In this, the depiction of jouissance just as equally reflects the m/m romance fan, always looking for the next book, the next m/m emotional high. I churn through m/m novels like popcorn, man. The endless persuit of pleasure cycles over and over until the inability of each book to fulfill my lack is experienced as pain (*cough*SeanMichael*cough*).

Lacan says "Desire is neither the appetite for satisfaction nor the demand for love, but the difference that results from the subtraction of the first from the second," and adds that "desire begins to take shape in the margin in which demand becomes separated from need." Hence desire can never be satisfied.

Desire

Danny finally manages to identify and articulate what he seeks: committment, love, home - a Daddy.

The aim of psychoanalysis is to lead the analysand to uncover the truth about his or her desire, and this is possible only if that desire is articulated: until you can say what you want, you can never know what it is. Lacan wrote that "it is only once it is formulated, named in the presence of the other, that desire appears in the full sense of the term."

However, it's not a particular human being that Danny wants to be his Daddy, he just wants a Daddy, any Daddy: Danny only seeks to fill his emptiness. Desire is not a relation to an object but a relation to a lack. 

The Real

Danny gets a glimpse of the Real when the first man he thinks will be his Daddy turns out to be married with kids, and frowns Danny away when he turns up to what he thinks will be his house. As he walks away he feels a loss and despair, but language fails to describe what he is experiencing. This trauma is Danny's look at the Real: when he has passed beyond the ability of symbolic order to describe it. It is this resistance to symbolization that lends the Real its traumatic quality. 

Symbolic oppositions

Danny then finds a new Daddy, and displaces the previous boy, Billy, who couldn't handle the constant sex (Daddy has three balls (I kid you not), and, going by the evidence, 
priapism). 

But at the same time Danny finds a home, he is also separated:

“You’ll have a room of your own...It can be private. You don’t have to let me in. We’ll have a lock ...”

Daddy tells Danny: 

"You are so sweet. It’s like I’m taking a virgin each time. Your tight channel – even after all those men. But just right. Taking all those has made you ready for me, able to take me at long stretches . . . You, innocent and tough at the same time.”

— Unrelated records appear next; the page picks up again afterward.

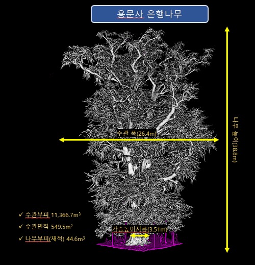 이에, 국립산림과학원은 나무의 높이, 둘레, 부피, 무게, 탄소 저장량 등 나무의 정보를 디지털 정보로 전환하는 최신 라이다 기술을 이용하여 용문사 은행나무의 실물과 똑같은 디지털 쌍둥이 나무를 구현하였다.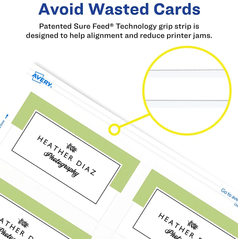 - Each sheet of Avery cards features proprietary Sure Feed technology that provides extra grip to help guide sheets through the printer for improved alignment and fewer wasted cards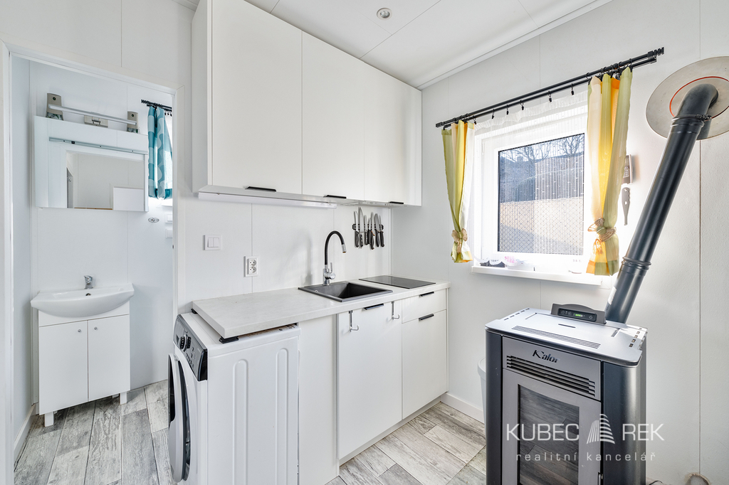 Dům stojí na pozemku o rozloze 396 m² a disponuje veškerým zázemím pro pohodlný pobyt. Voda je zajištěna vlastním vrtem o hloubce 42 metrů s vydatností 600 litrů za den, odpady jsou svedeny do jímky o objemu 6 m³. Vytápění domu je řešeno automatickým kotlem na pelety, který zaručuje nízké provozní náklady – pouhých 4 000 Kč ročně. O teplou vodu se stará bojler o objemu 80 litrů. Součástí nabídky je také dřevěná terasa o rozměru 3 × 3 metry, která je připravena k instalaci a následně nabídne ideální prostor pro ranní kávu, večerní posezení nebo letní grilování.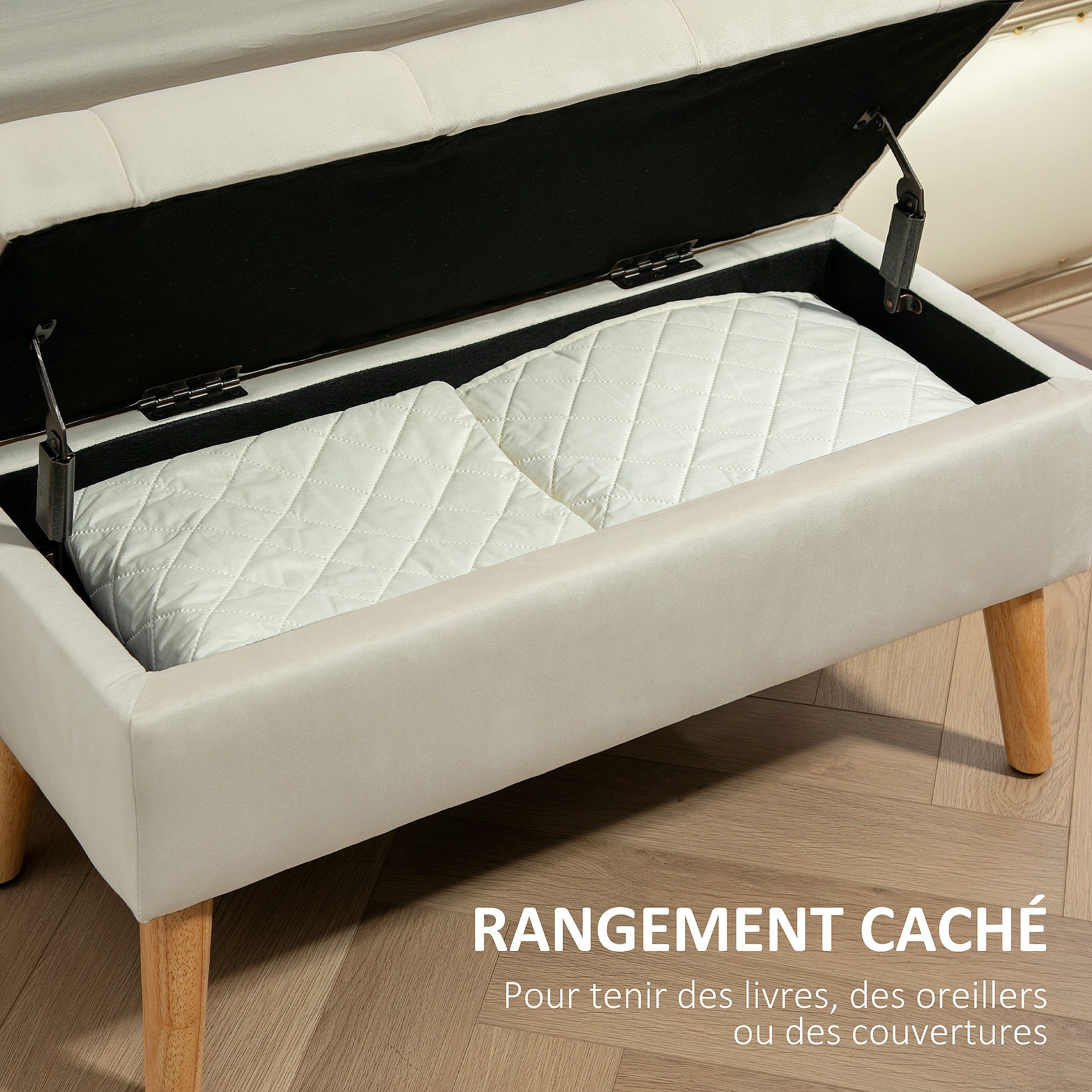 Banquette coffre design scandinave - piètement effilé bois assise effet capitonné velours crème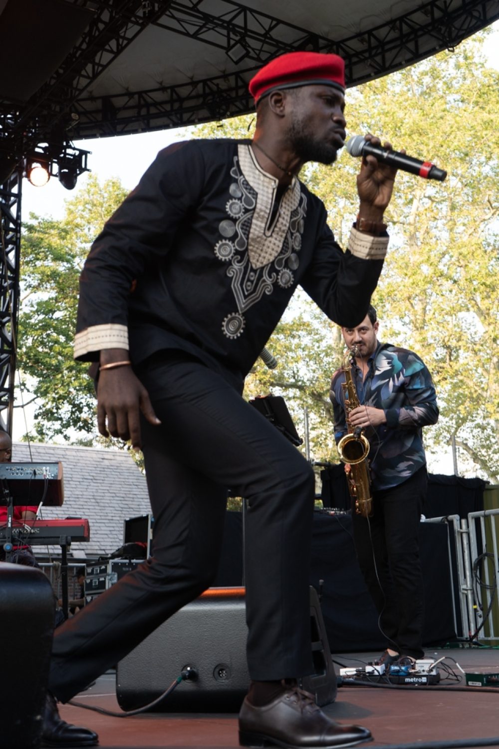 Then came the film, a riveting tale captured by some extremely brave cameramen willing to wade into ongoing violence to document the appalling brutality of Museveni’s police state. The screening was particularly effective following Wine’s set and unfolding beneath a moody, New York summer sky at dusk.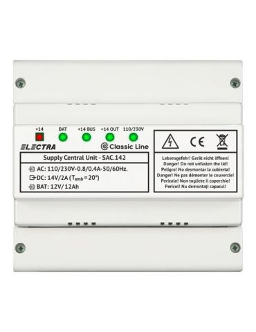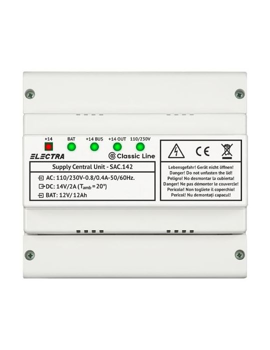 Produsele din gama CLASSIC realizeaza o combinatie optima de functiuni, in scopul de a asigura un plus de siguranta si confort. Robuste si rezistente, toate elementele acestei game de produse sunt usor de instalat si simplu de utilizat. Sursa de alimentare basic SAC.142 are urmatoarele caracteristici: - Carcasa din ABS ignifugat/PA66 - Montaj pe sina - Conectori surub: retea, panou, coloana, dispozitiv auxiliar, baterie 12V/12Ah, Caracteristici tehnice: Dimensiune: 240 x 190 x 84 mmmTensiune de alimentare: 110/230Vc.a. – 50/60HzTensiune de iesire: 14Vc.c./ 2Ac.c./20OCLED-uri diagnoza: +14, +14OUT, +14AUX, 110/230V, BATCuloare: albProtectii: supratensiune, scurtcircuit la iesire (4 Ac.c.), supratemperaturaModel / producator: ElectraTip: Sursa de alimentare in comutatie cu back-upTensiune de alimentare: 110/230Vc.a. â 50/60HzTensiune de iesire: 14Vc.c./ 2Ac.c./20 CDimensiuni: 240 x 190 x 84 mmmMaterial carcasa: ABS ignifugat PA66Montaj: sina DINConexiuni: Retea 230V panou dispozitiv auxiliar coloana baterie 12V/12Ah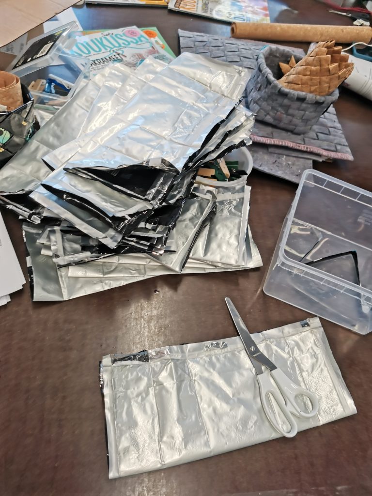 Seuraavaksi pesin ja ompelin kahvipusseista suikaleita.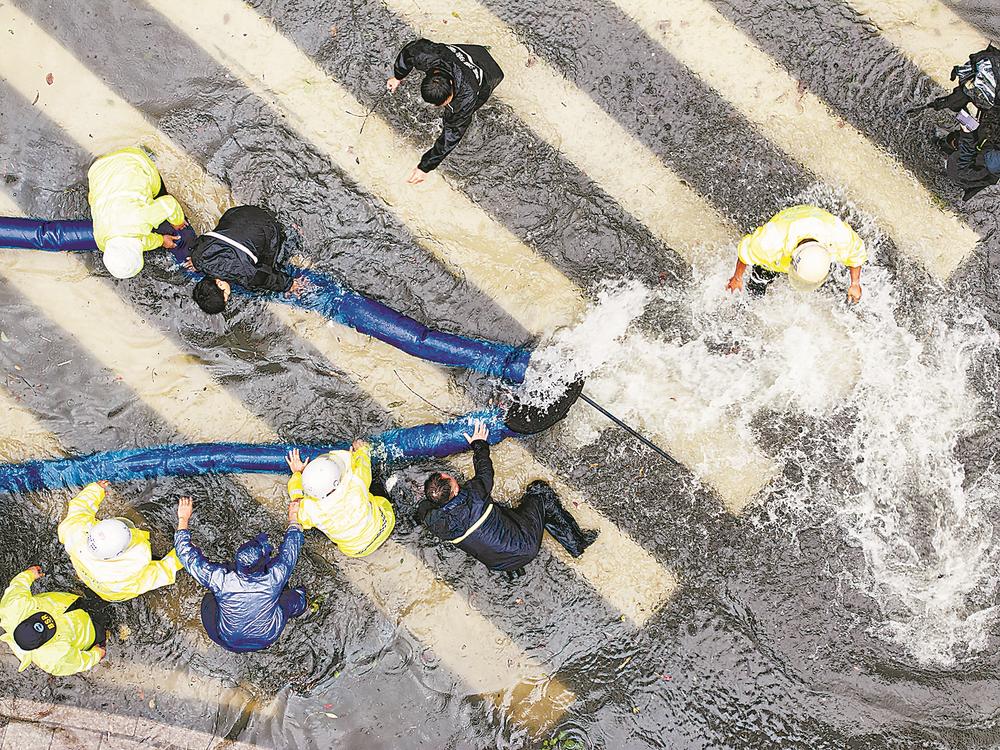 26日,台风“格美”带来的强降雨导致霞浦县城部分区域发生内涝。霞浦县城管、应急、交警等部门工作人员在城区积水点疏通下水道、抢排积水,全力恢复生活生产秩序。福建日报记者 林熙 张永定 摄

Danny is the eternal lack; always empty, always desperate to be filled. He finds the eternal phallus; always hard, always ready to fill Dany's emptiness. 

“A bull. You’re a bull”

“You need me to stop?”

“Oh, shit no. But you’re a bull. No man . . . “

. . . 

“Exhausted? You need to rest?”

“No. No, please. Fuck me to heaven.”

. . . 

“Have I used you up? Can’t take any more of me?”

“Never enough . . . never enough of you.”

“What I wanted to hear . . . here we go again”

. . . 

"Right now, again, unless you tell me to stop..."


Danny is forever in a Symbolic opposition of presence/absence, phallus/lack, together/apart, home/lost. A lack which has been honed by the search for Lacan's objet petit a: the unattainable object of desire.

Drives and desire

Daddy promises to educate Danny, to fuck him, kiss him, tell him he loves him, give him an allowance, hold him, get him a job, take him on a yacht...Lacan identifies four partial drives: the oral drive (the lips, the breast), the anal drive (the anus and the faeces), the scopic drive (the eyes and the gaze), and the invocatory drive (the ears and the voice). Daddy will attempt to satisfy all Danny's drives, moving from one to the next in a never-ending chain. Drives differ from biological needs because they can never be satisfied and do not aim at an object but rather circle perpetually around it. The true source of jouissance is the repetition of the movement of this closed circuit. Danny is now in a never-ending circling around the objet petit a.

Daddy will eternally try to satisfy every drive Danny has, but Danny's desire can never be satisfied. 

As Danny pleads to the world: 

“No charge. I just need . . . I just need . . .”

Conclusion

So, obviously, if you want m/m romance pass this by. If you like gay erotica, then it's a good read. If you want to admire some pretty clever writing disguised as gay erotica, then this is your book, baby.